Thursday, January 30, 2020

The spy without

Michael - Thursday

Tuesday was Data Privacy Day, and the Washington Post celebrated it by publishing an article titled “Facebook will now show you exactly how it stalks you — even when you’re not using Facebook.” It’s a well-written, useful article, and I advise anyone concerned about data privacy to take a look at it. What it is not, is surprising. In fact, if the article had claimed that Facebook and the other tech giants listened in to your conversations, I still wouldn’t have been surprised. My philosophy is that if you don’t want something to be public, don’t put it on the internet. Once you do that, there is always a way—legal or illegal—for someone to discover it.

For that reason, I haven’t resorted to any of the password vault software that generate passwords for all your internet accounts for you. However, I’m beginning to weaken. As the password requirements become more and more challenging—must have special characters, may not have special characters, must reach a certain level of complexity that none of my usual passwords do, etc. etc.—I have to resort to writing them on a piece of paper. (You remember? The flat, thin, white stuff?) However, I write them in code. Then I have to remember the codes. And where I put the piece of paper. I think that a password vault that takes care of all the passwords I don’t care too much about and simply remembering the few others may be the answer.

The WP article is about a new tool that Facebook offers called “Off-Facebook Activity.” The new tool allows you to discover what information Facebook is gathering from your actions, not only from its associates, Messenger and Instagram, but also in lots of other ways from lots of other internet sources. And while it won’t allow you to actually stop the collection of such information, it will allow you to prevent it being used so that advertisers can target their advertisements to you. However, the data is still there. Presumably, it’s to be used to obtain statistical information of value to…the advertisers. Neither will it reduce the number of adverts you receive. (You have to pay websites for that privilege.) So let’s understand the gain here. If we turn off this advert targeting, what we get is more random adverts. Is there not actually some benefit in at least getting adverts that you might possibly find interesting?

As you probably know, the European Union has made some efforts to prevent people being flooded with spam-like emails, and I support that strongly. You now have to explicitly sign up to receive newsletters and the like, and the default option is that you do not receive the marketing material. The penalties for violations can be severe. Like most authors, we've changed our newsletter so that it only goes out to people who explicitly asked for it. That cost us quite a few subscribers, but presumably the ones we have left actually have some interest in our books, and the others don’t have more emails to delete without opening. Good for both groups.

Sometimes data collection behaviours of websites can be uncanny. One lunchtime in Cape Town, Stan and I headed off to a restaurant he likes. We asked Google for the address, which it promptly gave to us. When we arrived, we discovered that the restaurant was closed. As soon as I returned to Google, it immediately offered restaurants near to the closed one, even though we'd never turned on the GPS option. How did it know where we were? Well, of course it can tell that from where the signal is being picked up by the cell phone towers. (Yes, I believe Google would have access to that information.) Or did it know the restaurant was closed and so we would be searching for another? Modern AI does that easily. Or maybe it was simply the most probable thing we would want after searching for the address of a restaurant that was in that part of town.

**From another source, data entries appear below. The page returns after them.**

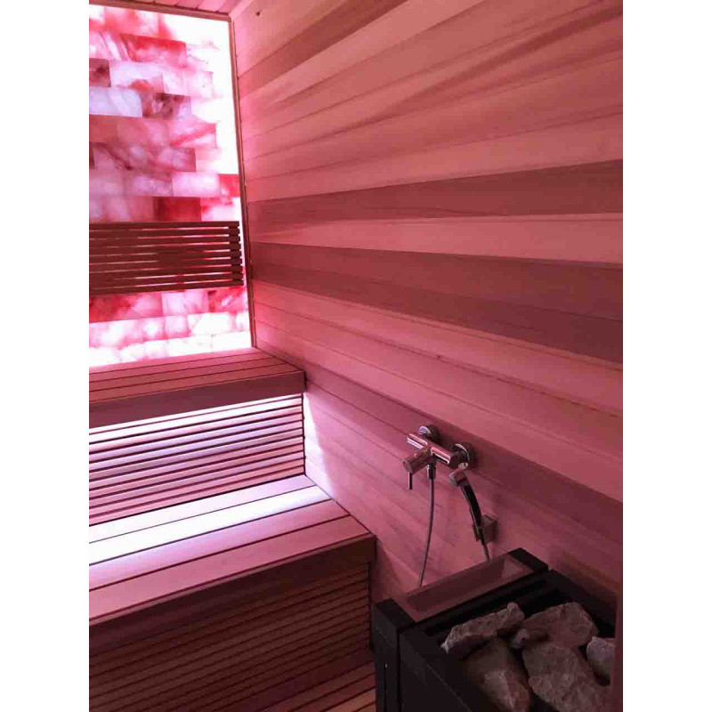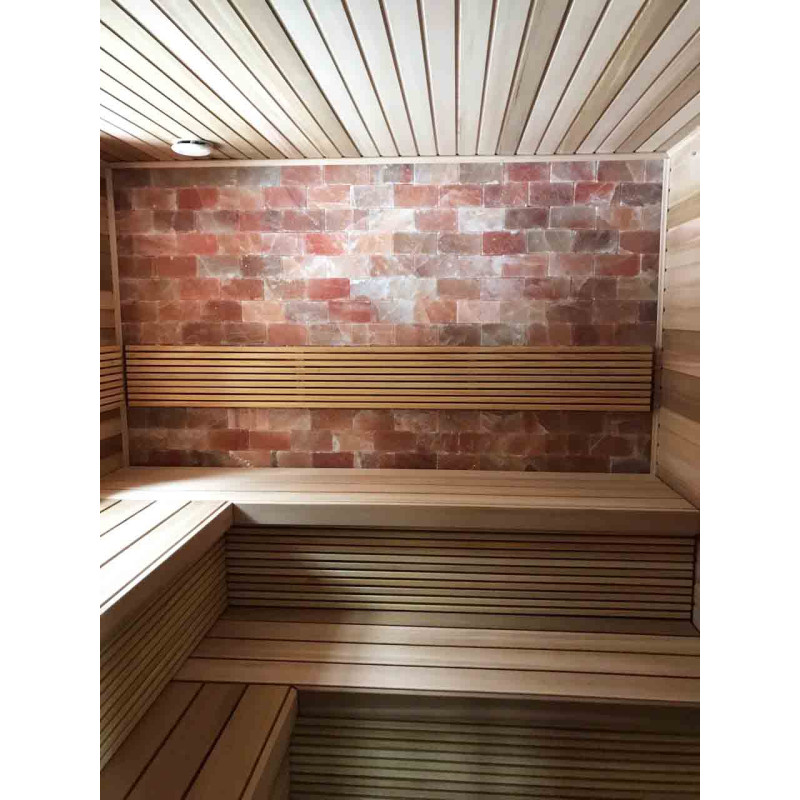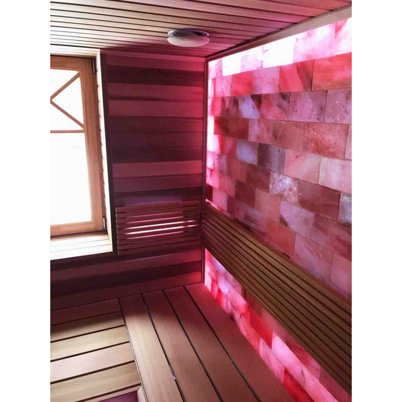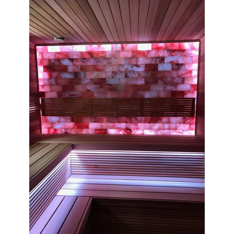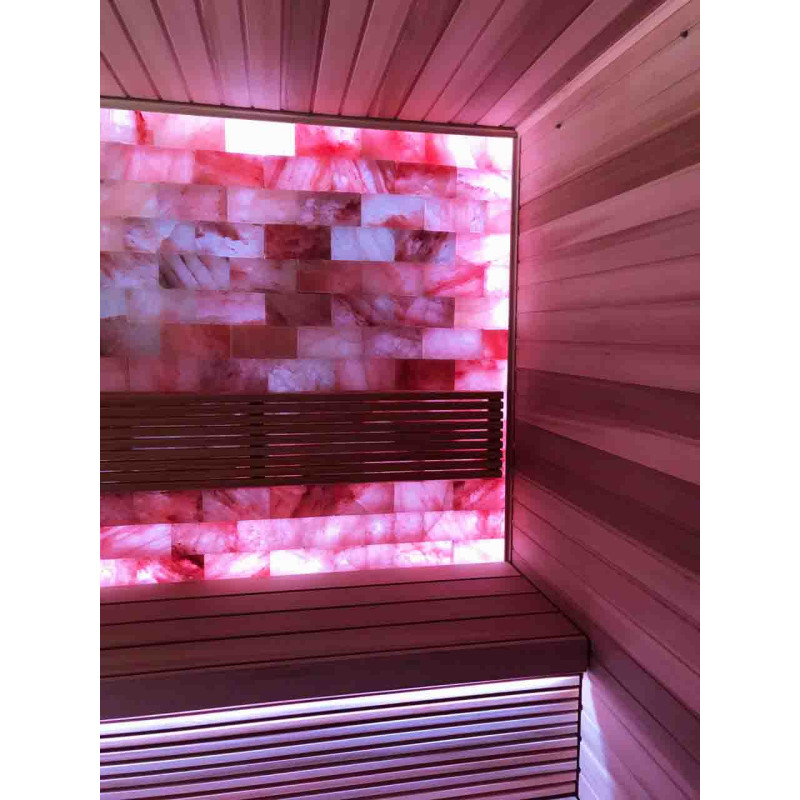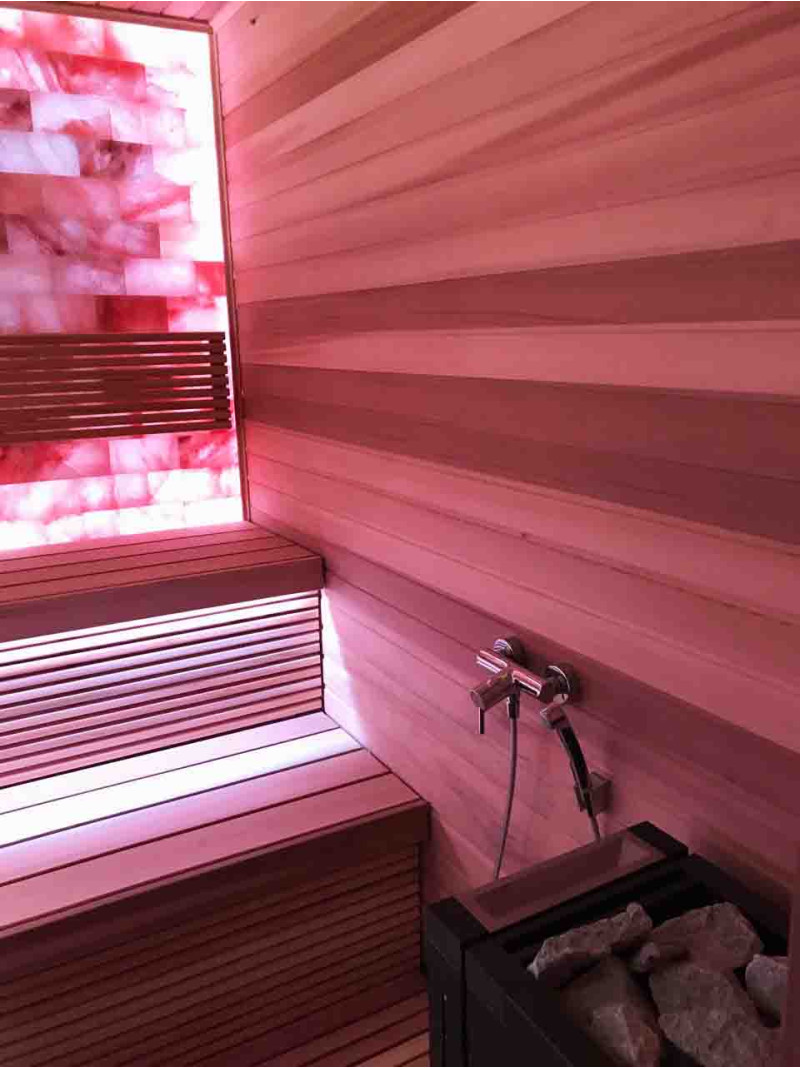 Качество воздуха и ощущение сауны значительно усиливаются за счет большой стены гималайских солей. Выделяемые отрицательные ионы укрепляют здоровье, помогают преодолеть многие недуги, такие как: бронхиальная астма, заболевания легких и бронхов, постинфаркт, гипертония, язвы желудочно-кишечного тракта, гастрит, заболевания щитовидной железы, дерматиты, различные аллергии, нервные заболевания, помогает преодолеть стресс. Польза от проведения процедур в такой сауне двоякая.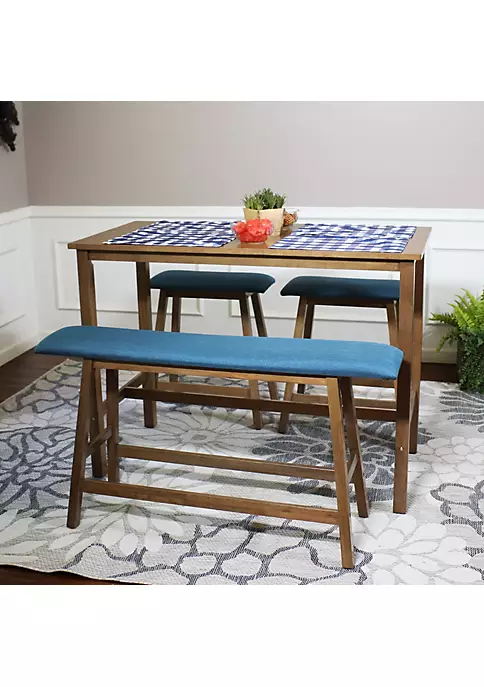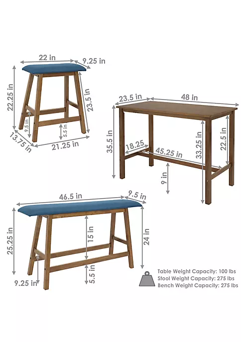 - SEATS 4 PEOPLE: This counter-height table with bench and stool set comfortably seats 4 people. The table measures 48″ W x 23.5″ D x 35.5″ H, weighs 37.4 lbs, and supports up to 100 lbs. Each stool measures 17.5″ W x 14″ D x 25″ H, weighs 9 lbs, and supports up to 275 lbs. The dining bench measures 42″ W x 14″ D x 25″ H, weighs 14.2 lbs, and supports up to 275 lbs.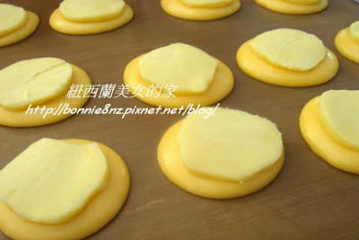 麵糊裝入擠花袋,擠約56cm圓型,在麵糊上放上切片的菠蘿皮。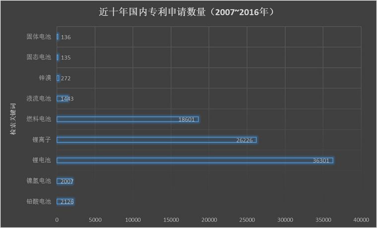鋰電池?zé)o可厚非的是當(dāng)下最時髦的電池技術(shù),在消費(fèi)級市場,動力電池和儲能領(lǐng)域,都被寄予著厚望。所以當(dāng)我以鋰離子或鋰電池為檢索關(guān)鍵詞的時候,檢索出的專利數(shù)量都在2萬件以上。相應(yīng)的,像燃料電池這樣即將呼之欲出的技術(shù),近十年的專利技術(shù),也接近了2萬件。而向鉛酸電池、鎳氫電池這樣的成熟電池技術(shù),專利數(shù)則在2千件左右。固態(tài)電池相關(guān)技術(shù),專利數(shù)只有一兩百件,說明這個技術(shù)普遍在行業(yè)內(nèi)認(rèn)知程度還不高。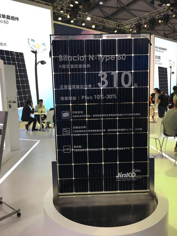 最高输出功率310W,背面增益10%~30%,转换效率可达18.74%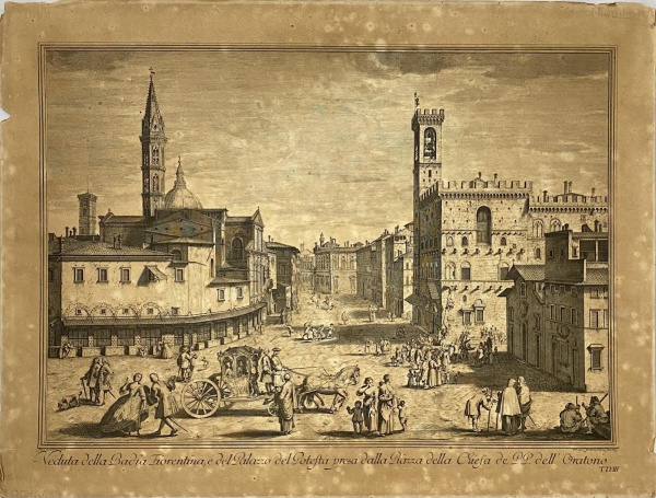 • ITALIA - Antiga "água forte", Veduta della Badia Fiorentina, Italia, por Joseph Zocchi Delin. Perdas nas laterais. Mede 58 x 76cm.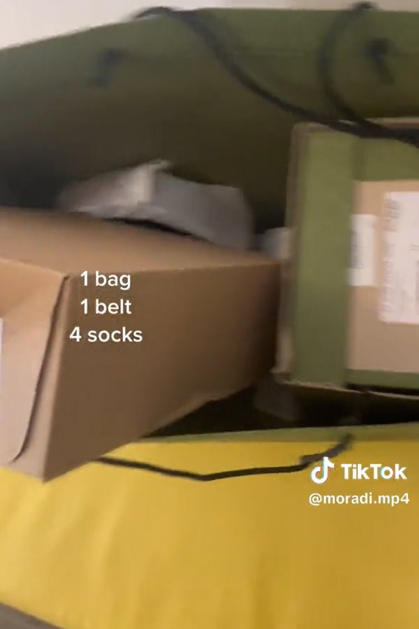 ภายในถุงเหล่านั้นมีผลิตภัณฑ์ของทางแบรนด์หลายชิ้นด้วยกัน เช่น ถุงเท้า 4 คู่ กระเป๋า 1 ใบ เข็มขัด รวมถึงกางเกงและเสื้อคลุมอีกหลายตัว ซึ่งล้วนแล้วแต่เป็นของที่พนักงานต้องนำมาใช้ระหว่างการทำงาน อย่างไรก็ตาม สาวรายนี้เขียนแคปชั่นขำ ๆ ไว้ด้วยว่า "ฉันควรจะเก็บถุงเอาไว้แล้วล่องหนไปดีไหม"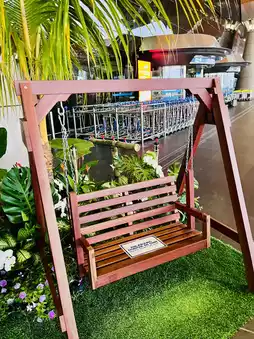 KLIA Sepang welcomes guests with a festive burst of spring and Raya spirit through its enchanting decoration. A traditional Malay house arch adorned with hanging ketupat and a charming wooden swing sets the scene, evoking warmth and nostalgia.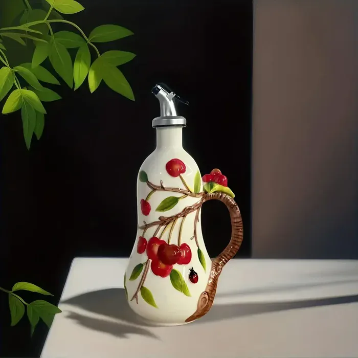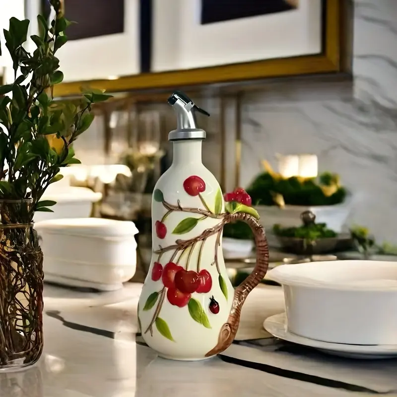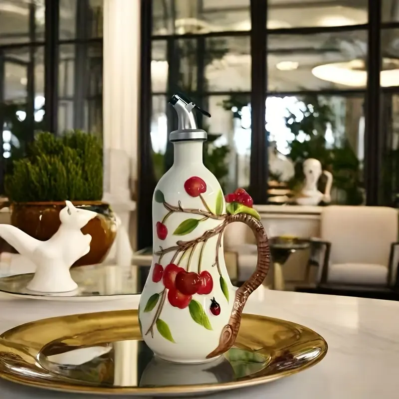 Elevate your kitchen with this elegant hand-painted ceramic jar, featuring a beautifully detailed cherry relief design. Crafted for both style and function, this versatile storage solution adds a touch of artistry to your countertop while keeping your favorite liquids organized and easily accessible.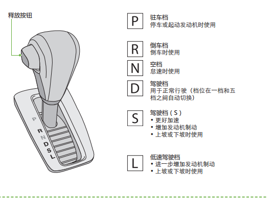 (2)一般挡位在N、D、3挡间切换时不用按换挡按钮,从3挡往下的限制挡上挂必须按换挡钮,从低挡往高挡挂不用按换挡钮。
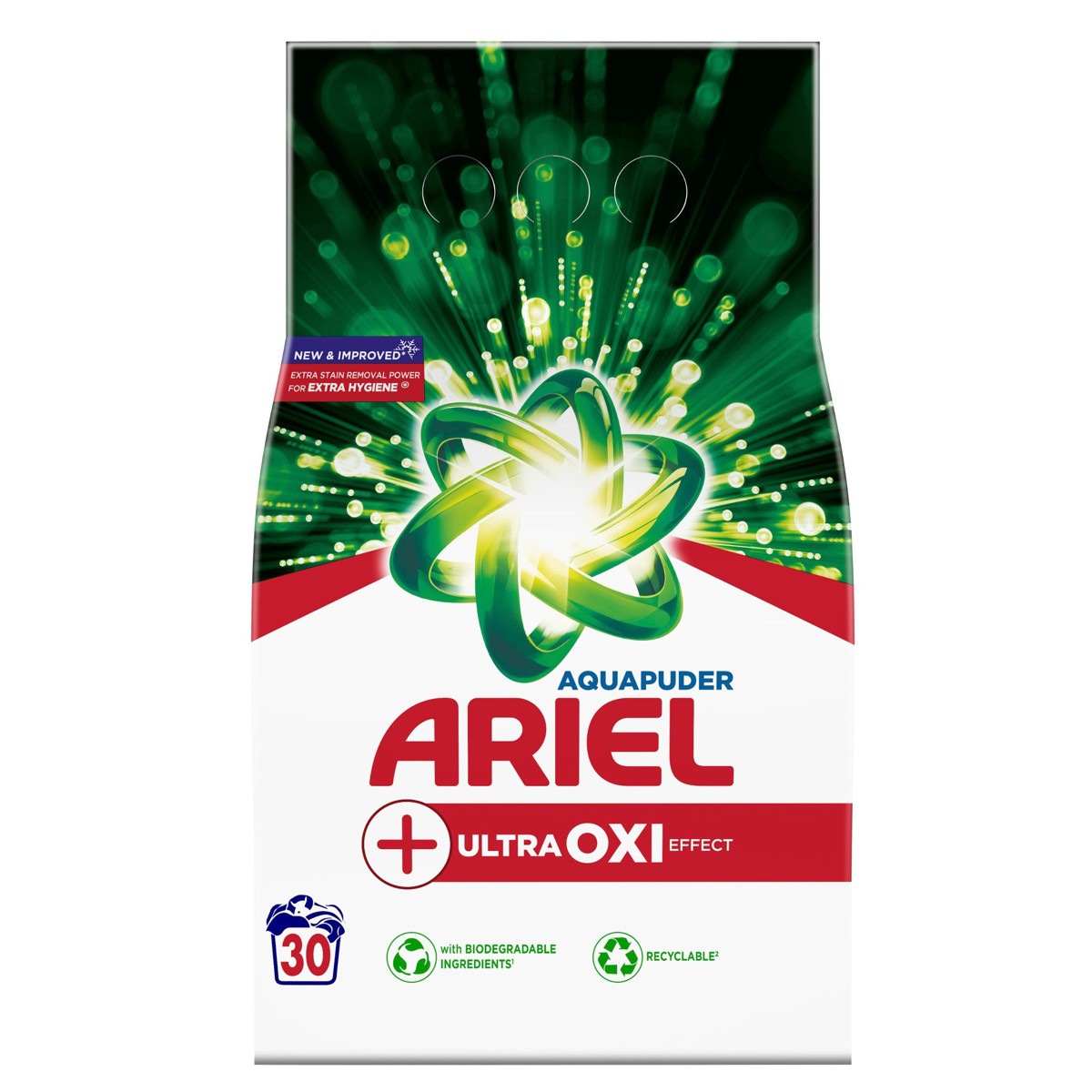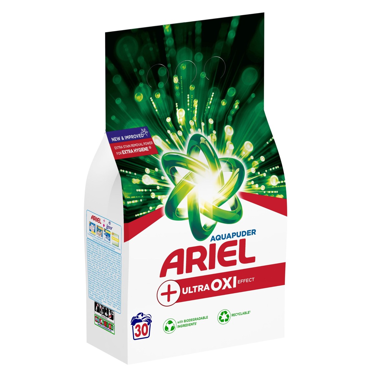 Ariel +Extra Clean Power dolazi u pakiranju koje se može reciklirati, a dostupan je i kao tekući deterdžent i u obliku kapsula.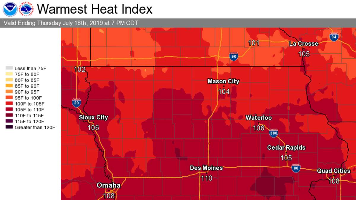 The Nebraska to Iowa to Illinois region is bracing for several days of near 100 degree high temperatures, and Heat Indexes that can be life threatening.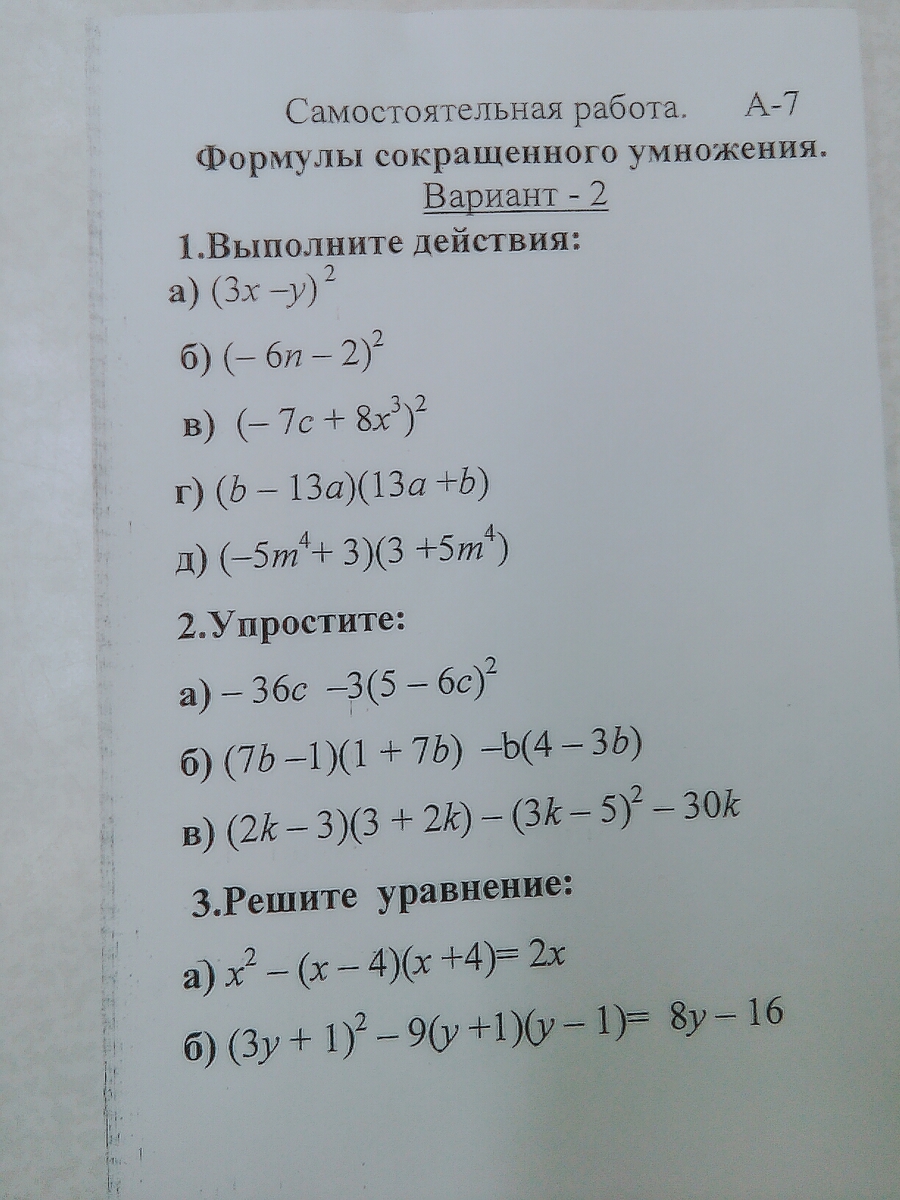 2. 3y² + 1 - 9(y² + y - y - 1) = 8y - 16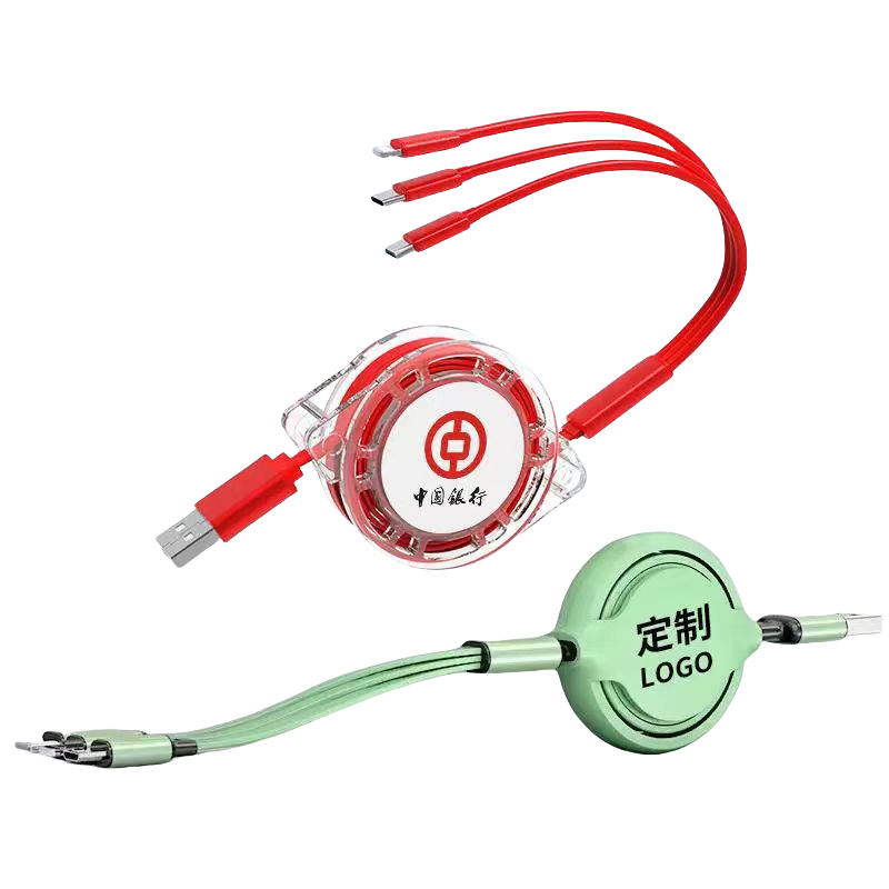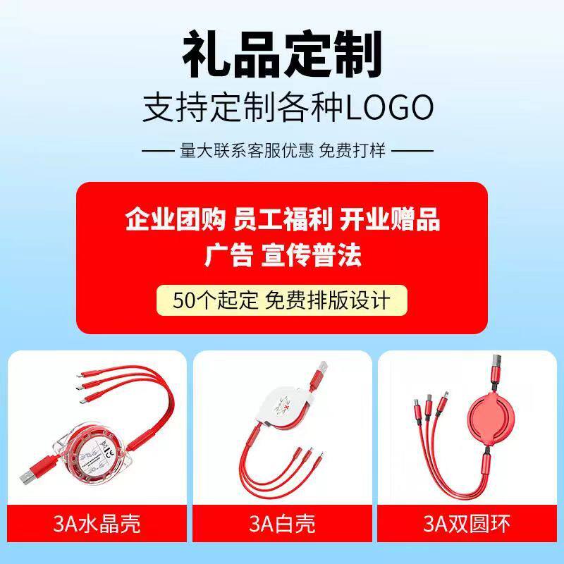 数据线三合一定制logo多功能快充伸缩一拖三充电线定制印logo展会宣传小礼品开业推广拓客活动赠品地推伴手礼

So Big Brother is watching us. And it’s not the people in Washington or London or name your favourite capital city, but Big Tech. (Of course, those other people are also watching us by using the same and other technologies. And they don’t play by rules.)

I think it’s not good, but I have to admit that it’s worth it. How many of us could live without Google let alone the internet as a whole? But how concerned should we actually be about the information we freely give away?

I don’t know the answer. What do you think? Probably Google and Facebook already know the answer to that, but I’m not smart enough to get them to tell me.


  1. And how much of the danger is down to our own stupidity. Like the seemingly random quizzes that entails giving your mum's maiden name, the name of your first pet... they may as well ask for your password and have done with it....

    1. Absolutely! And the canny password checkers ask you those questions first, so that they can reject the answers as passwords!

  2. It's an old-person problem. Young people are growing up in this environment, and their response is, "So what?" The whole concept of privacy is changing fast and as we blow away in the wind, so will the old concept of what privacy means. Sigh. Getting old is NOT for the weak of heart...

    1. I think you are absolute right, Everett. Young people don't understand the question...

  3. A half dozen years ago on Mykonos I met a senior exec at one of the big credit card companies, and like many tend to do on Mykonos, he talked quite a bit very late at night in a bar. He/she said that the technology existed where after you bought something in a shop--say a shirt--as you walked past another shop a voice could call out to you, "Hey Jeff, we've got a great tie to go with that shirt." She/he said the only reason they weren't using that technology was because it would freak out the public.

    Frankly, it seems to me that no longer is a consideration and soon we'll be hearing voices.